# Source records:
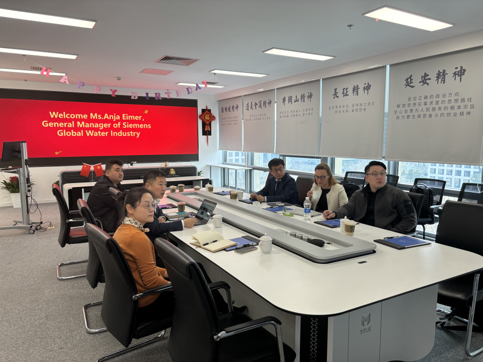 2024年3月,西門子全球水工業(yè)總經(jīng)理Anja Eimer女士攜國(guó)內(nèi)團(tuán)隊(duì)拜訪金控?cái)?shù)據(jù),圍繞國(guó)內(nèi)外水務(wù)行業(yè)數(shù)字化、智能化技術(shù)進(jìn)行了深入的交流與探討。
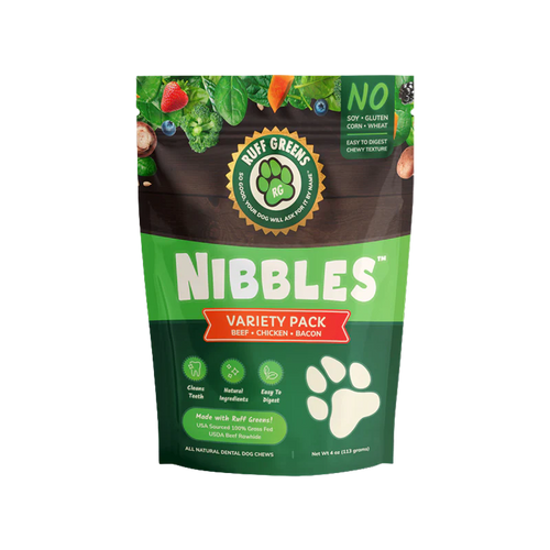 Ruff Nibbles are delicious, all-natural beef rawhide chews designed to satisfy your dog’s natural craving for taste and texture. Unlike ordinary chews, Ruff Nibbles are infused with the essential vitamins, minerals, probiotics, and superfoods found in Ruff Greens VitaSmart, so every bite delivers both enjoyment and nutrition.
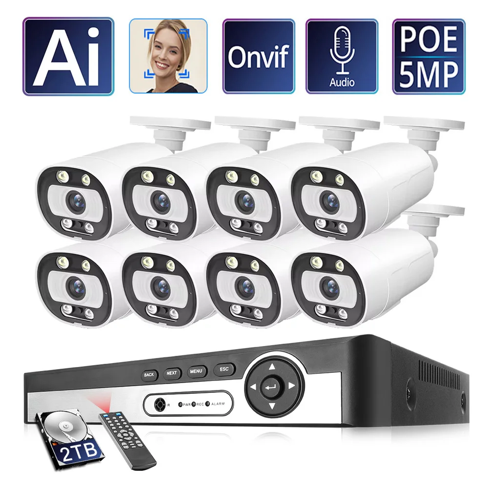 Sistema di Sicurezza con Telecamere POE H.265 8CH 4K 5MP per Esterni, Rilevamento Umano 8MP, Sorveglianza CCTV, Protezione, Visione Notturna a Colori, P2P
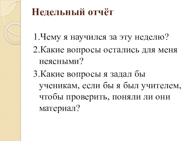 Слайд 16Недельный отчёт
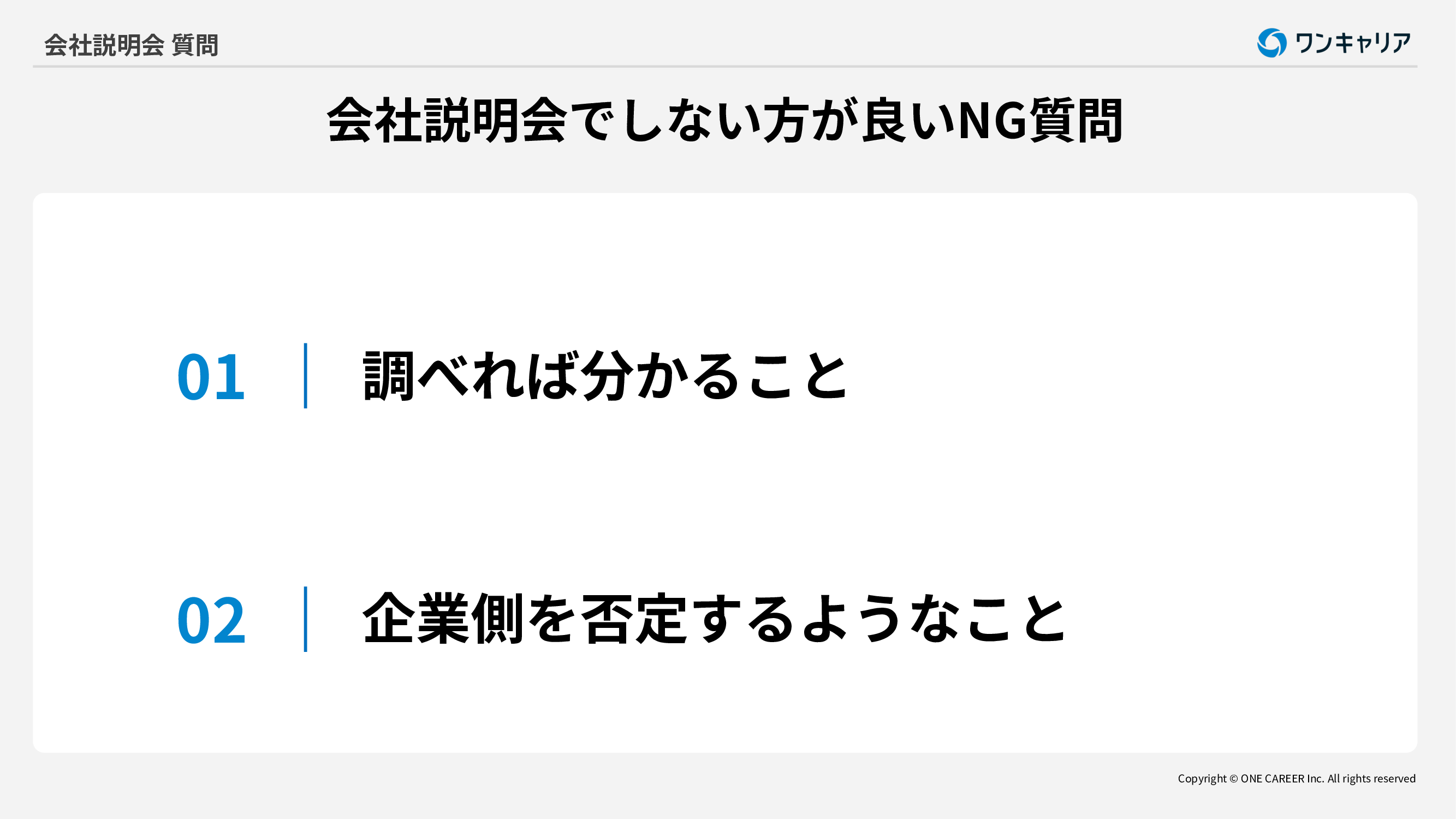<目次> ●会社説明会とは?質問した方が良い? ・会社説明会とは ・会社説明会の目的 ・質問するメリット ●会社説明会での質問例50選 ・【1】事業・サービス・商品について ・【2】業務について ・【3】求める人材について ・【4】社風・企業風土・雰囲気について ・【5】入社後のキャリアについて ・【6】福利厚生・制度について ・【7】インターンシップについて ●質問の作り方 ・企業研究を事前に行う ・疑問や詳しく知りたいことを洗い出す ・質問の作り方のポイント ●会社説明会でしない方が良いNG質問 ・調べれば分かること ・企業側を否定するようなこと ●会社説明会での質問のマナー ・大学名と名前を伝える ・要点をまとめて簡潔に話す ・大きな声ではっきりと伝える ・複数の質問をするときは先に伝える ・相槌などのリアクションも意識して行う ・他の就活生と重なる内容の質問はしない ・お礼を添える ●Web会社説明会の時のポイント ・静かな環境で質問をする ・リアクションは少し大きめを意識する ●会社説明会での質問に関するよくある質問(FAQ) ・会社説明会で、質問しないと不利になりますか? ・質問は何個くらいするのがベストですか? ・「良い質問」だと思われる質問のコツはありますか? ●まとめ

# Try it:
The expected output is each entry given again word for word, with pictures dropped.

# Task output:
 2024年3月,西門子全球水工業(yè)總經(jīng)理Anja Eimer女士攜國(guó)內(nèi)團(tuán)隊(duì)拜訪金控?cái)?shù)據(jù),圍繞國(guó)內(nèi)外水務(wù)行業(yè)數(shù)字化、智能化技術(shù)進(jìn)行了深入的交流與探討。
 Ruff Nibbles are delicious, all-natural beef rawhide chews designed to satisfy your dog’s natural craving for taste and texture. Unlike ordinary chews, Ruff Nibbles are infused with the essential vitamins, minerals, probiotics, and superfoods found in Ruff Greens VitaSmart, so every bite delivers both enjoyment and nutrition.
 Sistema di Sicurezza con Telecamere POE H.265 8CH 4K 5MP per Esterni, Rilevamento Umano 8MP, Sorveglianza CCTV, Protezione, Visione Notturna a Colori, P2P
 Слайд 16Недельный отчёт
<目次> ●会社説明会とは?質問した方が良い? ・会社説明会とは ・会社説明会の目的 ・質問するメリット ●会社説明会での質問例50選 ・【1】事業・サービス・商品について ・【2】業務について ・【3】求める人材について ・【4】社風・企業風土・雰囲気について ・【5】入社後のキャリアについて ・【6】福利厚生・制度について ・【7】インターンシップについて ●質問の作り方 ・企業研究を事前に行う ・疑問や詳しく知りたいことを洗い出す ・質問の作り方のポイント ●会社説明会でしない方が良いNG質問 ・調べれば分かること ・企業側を否定するようなこと ●会社説明会での質問のマナー ・大学名と名前を伝える ・要点をまとめて簡潔に話す ・大きな声ではっきりと伝える ・複数の質問をするときは先に伝える ・相槌などのリアクションも意識して行う ・他の就活生と重なる内容の質問はしない ・お礼を添える ●Web会社説明会の時のポイント ・静かな環境で質問をする ・リアクションは少し大きめを意識する ●会社説明会での質問に関するよくある質問(FAQ) ・会社説明会で、質問しないと不利になりますか? ・質問は何個くらいするのがベストですか? ・「良い質問」だと思われる質問のコツはありますか? ●まとめ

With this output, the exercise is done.